══ Record excerpts ══

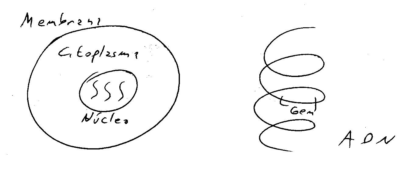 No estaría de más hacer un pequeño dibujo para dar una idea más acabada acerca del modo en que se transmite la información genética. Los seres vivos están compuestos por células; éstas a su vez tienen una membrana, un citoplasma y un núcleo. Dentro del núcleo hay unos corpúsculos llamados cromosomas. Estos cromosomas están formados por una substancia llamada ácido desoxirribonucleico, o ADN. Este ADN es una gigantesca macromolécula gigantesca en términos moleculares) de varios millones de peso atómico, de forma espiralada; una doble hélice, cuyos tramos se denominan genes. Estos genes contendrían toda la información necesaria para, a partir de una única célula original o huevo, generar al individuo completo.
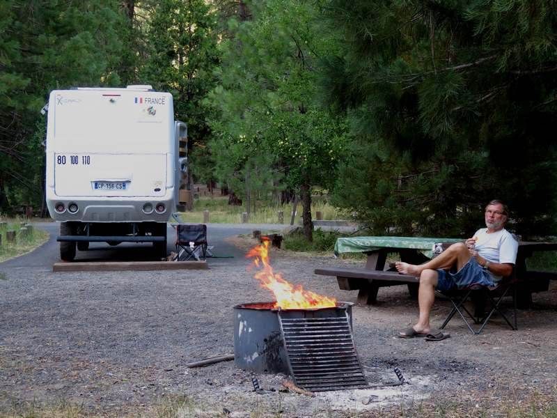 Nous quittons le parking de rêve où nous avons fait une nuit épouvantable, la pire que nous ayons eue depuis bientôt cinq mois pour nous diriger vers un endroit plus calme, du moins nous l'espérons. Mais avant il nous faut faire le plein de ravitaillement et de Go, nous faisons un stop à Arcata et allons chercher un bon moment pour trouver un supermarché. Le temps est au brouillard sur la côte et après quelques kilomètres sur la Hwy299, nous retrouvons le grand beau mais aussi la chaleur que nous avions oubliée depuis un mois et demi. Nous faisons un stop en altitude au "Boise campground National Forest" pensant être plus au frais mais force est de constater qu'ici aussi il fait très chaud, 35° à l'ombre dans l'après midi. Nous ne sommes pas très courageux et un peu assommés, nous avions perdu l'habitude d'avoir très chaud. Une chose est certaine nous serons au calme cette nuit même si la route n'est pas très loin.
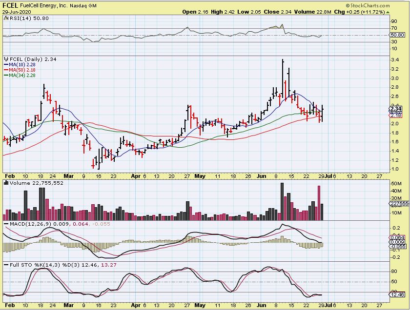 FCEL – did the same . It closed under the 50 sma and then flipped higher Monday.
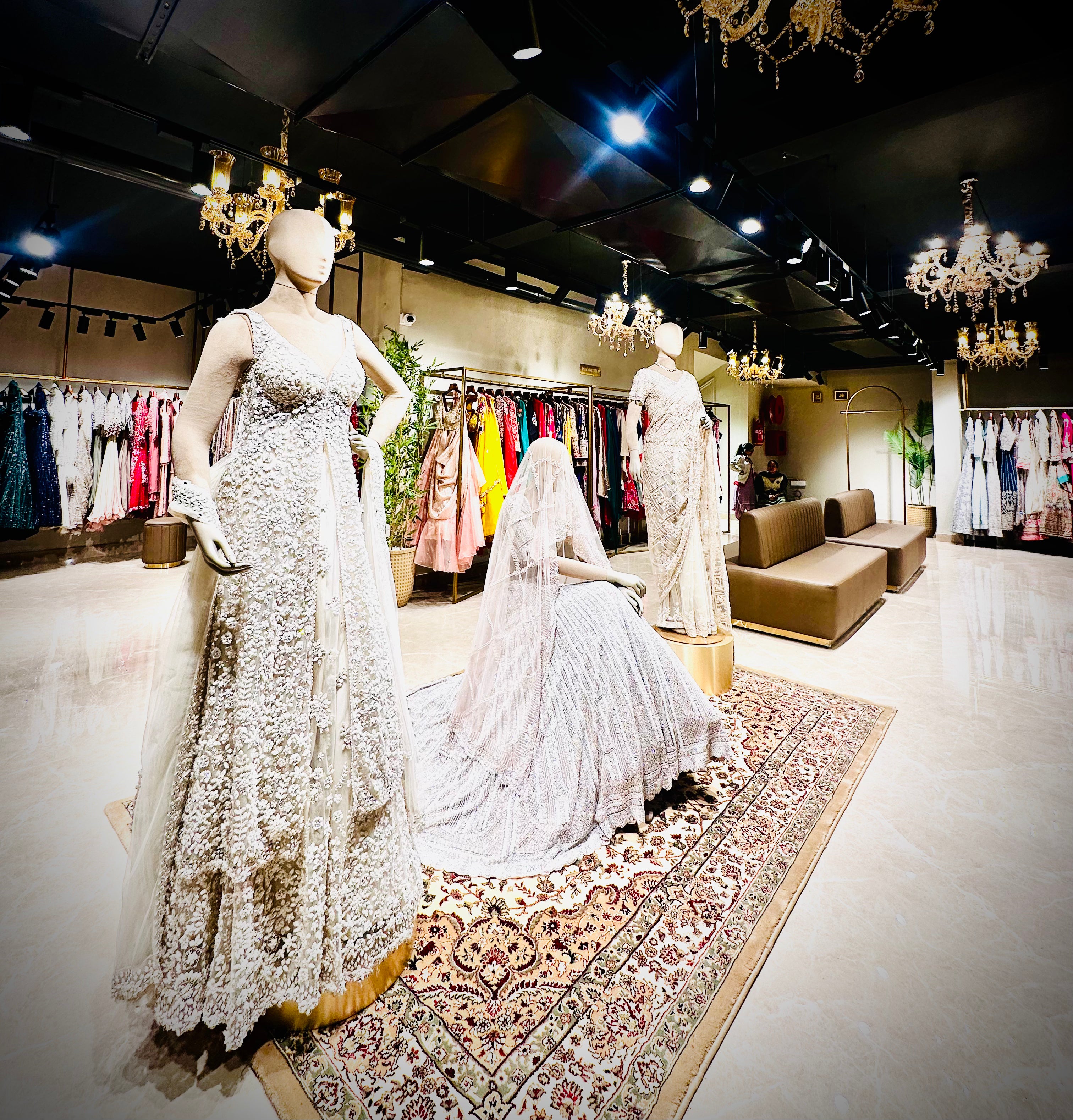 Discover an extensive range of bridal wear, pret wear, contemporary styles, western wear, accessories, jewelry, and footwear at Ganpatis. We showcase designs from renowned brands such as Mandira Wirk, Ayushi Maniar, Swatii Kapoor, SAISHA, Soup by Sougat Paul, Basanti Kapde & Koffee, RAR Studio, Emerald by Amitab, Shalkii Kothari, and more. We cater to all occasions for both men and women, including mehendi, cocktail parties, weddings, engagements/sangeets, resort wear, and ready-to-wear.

═══
══ Record excerpts ══

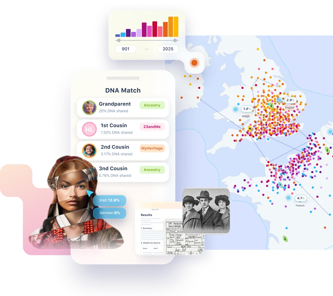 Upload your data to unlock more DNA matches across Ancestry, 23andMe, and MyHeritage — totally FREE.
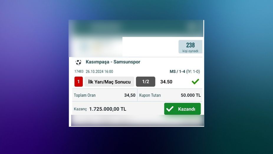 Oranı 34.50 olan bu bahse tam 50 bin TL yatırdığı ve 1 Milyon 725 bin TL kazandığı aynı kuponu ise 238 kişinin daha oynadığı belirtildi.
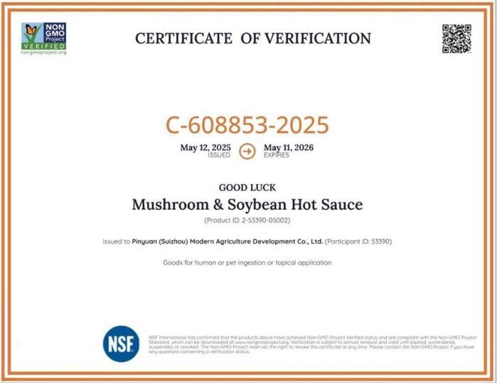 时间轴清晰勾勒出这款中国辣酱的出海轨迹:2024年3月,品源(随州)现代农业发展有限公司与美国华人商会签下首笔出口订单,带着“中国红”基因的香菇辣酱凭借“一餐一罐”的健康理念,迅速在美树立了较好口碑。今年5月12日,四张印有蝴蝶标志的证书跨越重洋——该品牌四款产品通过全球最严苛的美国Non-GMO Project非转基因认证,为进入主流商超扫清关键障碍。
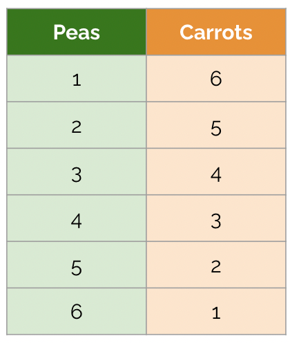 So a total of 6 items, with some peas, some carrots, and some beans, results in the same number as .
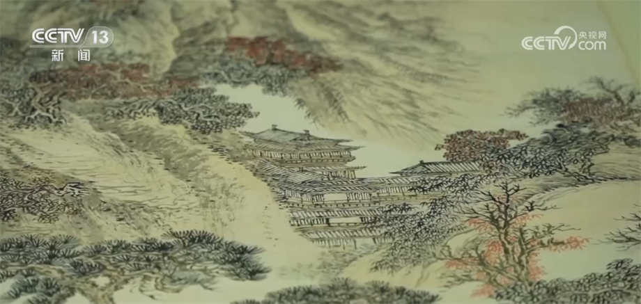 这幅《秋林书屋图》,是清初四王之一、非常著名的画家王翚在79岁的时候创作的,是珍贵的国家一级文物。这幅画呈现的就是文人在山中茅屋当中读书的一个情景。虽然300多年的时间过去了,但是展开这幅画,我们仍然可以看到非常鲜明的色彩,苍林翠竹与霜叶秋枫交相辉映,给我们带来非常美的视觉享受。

═══

Exercise instructions: Look back over the records above. Reproduce exactly everything from the line with "时间轴清晰勾勒出这款中国辣酱" down to the line with "这幅《秋林书屋图》,是清初四", inclusive, and leave the pictures out.

Written response:
 时间轴清晰勾勒出这款中国辣酱的出海轨迹:2024年3月,品源(随州)现代农业发展有限公司与美国华人商会签下首笔出口订单,带着“中国红”基因的香菇辣酱凭借“一餐一罐”的健康理念,迅速在美树立了较好口碑。今年5月12日,四张印有蝴蝶标志的证书跨越重洋——该品牌四款产品通过全球最严苛的美国Non-GMO Project非转基因认证,为进入主流商超扫清关键障碍。
 So a total of 6 items, with some peas, some carrots, and some beans, results in the same number as .
 这幅《秋林书屋图》,是清初四王之一、非常著名的画家王翚在79岁的时候创作的,是珍贵的国家一级文物。这幅画呈现的就是文人在山中茅屋当中读书的一个情景。虽然300多年的时间过去了,但是展开这幅画,我们仍然可以看到非常鲜明的色彩,苍林翠竹与霜叶秋枫交相辉映,给我们带来非常美的视觉享受。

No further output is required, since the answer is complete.